Uso de imágenes de células vivas para medir los efectos de las proteínas patológicas en el transporte axonal en las neuronas primarias del hipocampo

Published: December 22, 2023
doi:
10.3791/66156
, ,
1Department of Translational Neuroscience, College of Human Medicine,Michigan State University, 2Neuroscience Program,Michigan State University, 3Hauenstein Neuroscience Center, Mercy Health Saint Mary’s

Summary

Aquí, demostramos cómo combinar la transfección de neuronas primarias de roedores del hipocampo con imágenes confocales de células vivas para analizar los efectos patológicos inducidos por proteínas en el transporte axonal e identificar las vías mecanicistas que median estos efectos.

Abstract

El transporte bidireccional de cargas a lo largo del axón es fundamental para mantener las sinapsis funcionales, la conectividad neuronal y las neuronas sanas. El transporte axonal se interrumpe en múltiples enfermedades neurodegenerativas, y las neuronas de proyección son particularmente vulnerables debido a la necesidad de transportar materiales celulares a largas distancias y mantener una masa axonal sustancial. Las modificaciones patológicas de varias proteínas relacionadas con la enfermedad afectan negativamente al transporte, como la tau, la β amiloide, la α-sinucleína, la superóxido dismutasa y la huntingtina, lo que proporciona un posible mecanismo común por el cual las proteínas patológicas ejercen toxicidad en la enfermedad. Los métodos para estudiar estos mecanismos tóxicos son necesarios para comprender los trastornos neurodegenerativos e identificar posibles intervenciones terapéuticas.

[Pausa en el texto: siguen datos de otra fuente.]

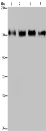 Western Blot analysis of 293T, Hela, A172 and A549 cell using GOLGA2 Polyclonal Antibody at dilution of 1:300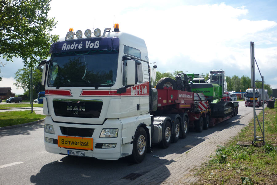 Der Schwerlastzug bestand aus MAN 41.540 TGX und ESGE 2/4 Tieflade Kombination.

Aquí, las neuronas del hipocampo de roedores primarios cultivadas se transfectan conjuntamente con múltiples plásmidos para estudiar los efectos de las proteínas patológicas en el transporte axonal rápido utilizando imágenes confocales de células vivas de proteínas de carga marcadas con fluorescencia. Comenzamos con la recolección, disociación y cultivo de neuronas primarias del hipocampo de roedores. A continuación, co-transfectamos las neuronas con construcciones de ADN plasmídico para expresar la proteína de carga marcada con fluorescencia y la tau de tipo salvaje o mutante (utilizada como ejemplo de proteínas patológicas). Los axones se identifican en células vivas utilizando un anticuerpo que se une a un dominio extracelular de neurofascina, una proteína del segmento inicial del axón, y se obtienen imágenes de una región axonal de interés para medir el transporte de carga fluorescente.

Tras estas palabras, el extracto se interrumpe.